PROBLEM DETAILS: The lines in the listing below are to be given again exactly, starting at the line holding "The sweater is" and ending at the line holding "The Rolex Oyster". Do not include pictures.

GIVEN DATA:
----------
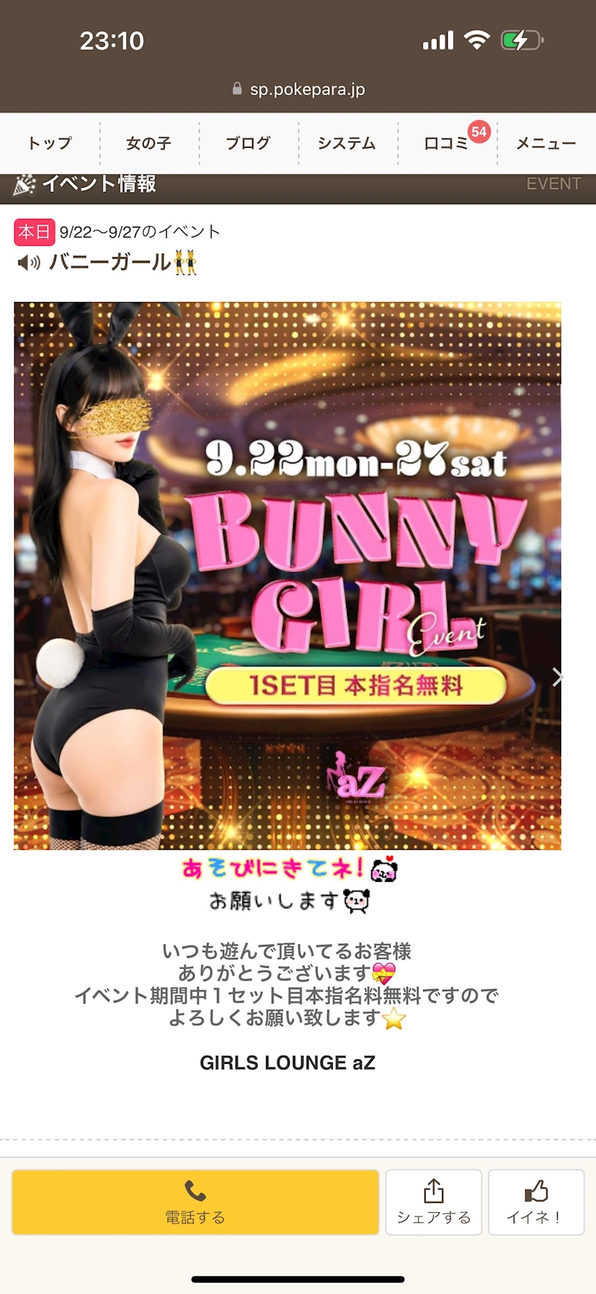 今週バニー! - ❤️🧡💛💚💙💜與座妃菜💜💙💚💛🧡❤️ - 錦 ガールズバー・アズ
----------
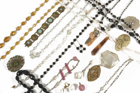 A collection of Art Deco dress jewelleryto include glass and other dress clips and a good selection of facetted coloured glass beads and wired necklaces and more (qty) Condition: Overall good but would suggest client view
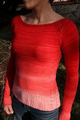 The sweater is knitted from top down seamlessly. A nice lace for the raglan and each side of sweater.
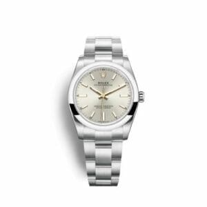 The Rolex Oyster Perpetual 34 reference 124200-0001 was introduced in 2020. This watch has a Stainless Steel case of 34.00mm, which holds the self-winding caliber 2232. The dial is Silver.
----------
ANSWER SECTION:
 The sweater is knitted from top down seamlessly. A nice lace for the raglan and each side of sweater.
 The Rolex Oyster Perpetual 34 reference 124200-0001 was introduced in 2020. This watch has a Stainless Steel case of 34.00mm, which holds the self-winding caliber 2232. The dial is Silver.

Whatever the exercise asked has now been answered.